-- Opening Marker --

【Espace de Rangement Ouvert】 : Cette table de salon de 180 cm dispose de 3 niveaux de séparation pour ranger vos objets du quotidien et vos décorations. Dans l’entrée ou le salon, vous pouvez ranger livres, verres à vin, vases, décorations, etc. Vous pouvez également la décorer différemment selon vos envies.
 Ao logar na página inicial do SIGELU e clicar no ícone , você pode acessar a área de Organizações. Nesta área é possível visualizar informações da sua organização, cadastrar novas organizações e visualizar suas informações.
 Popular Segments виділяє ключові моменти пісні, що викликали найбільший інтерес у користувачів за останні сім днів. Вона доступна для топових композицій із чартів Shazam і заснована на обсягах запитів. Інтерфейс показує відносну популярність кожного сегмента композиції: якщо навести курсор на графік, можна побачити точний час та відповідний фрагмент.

-- Closing Marker --
-- Opening Marker --

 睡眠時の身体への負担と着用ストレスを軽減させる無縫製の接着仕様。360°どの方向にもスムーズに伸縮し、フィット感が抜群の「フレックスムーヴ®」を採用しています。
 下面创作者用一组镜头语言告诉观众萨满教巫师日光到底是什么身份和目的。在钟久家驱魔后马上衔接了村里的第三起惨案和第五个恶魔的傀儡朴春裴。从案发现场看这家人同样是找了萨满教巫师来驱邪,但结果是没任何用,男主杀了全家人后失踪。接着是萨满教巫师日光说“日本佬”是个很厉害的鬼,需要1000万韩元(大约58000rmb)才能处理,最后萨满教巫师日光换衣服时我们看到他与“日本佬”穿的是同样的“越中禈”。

-- Closing Marker --

§ **Goal of the exercise**
Find "睡眠時の身体への負担と着用ス" in the entries above and copy that whole line exactly, then each line after it through the line that contains "下面创作者用一组镜头语言告诉".

§ **Answer space**
 睡眠時の身体への負担と着用ストレスを軽減させる無縫製の接着仕様。360°どの方向にもスムーズに伸縮し、フィット感が抜群の「フレックスムーヴ®」を採用しています。
 下面创作者用一组镜头语言告诉观众萨满教巫师日光到底是什么身份和目的。在钟久家驱魔后马上衔接了村里的第三起惨案和第五个恶魔的傀儡朴春裴。从案发现场看这家人同样是找了萨满教巫师来驱邪,但结果是没任何用,男主杀了全家人后失踪。接着是萨满教巫师日光说“日本佬”是个很厉害的鬼,需要1000万韩元(大约58000rmb)才能处理,最后萨满教巫师日光换衣服时我们看到他与“日本佬”穿的是同样的“越中禈”。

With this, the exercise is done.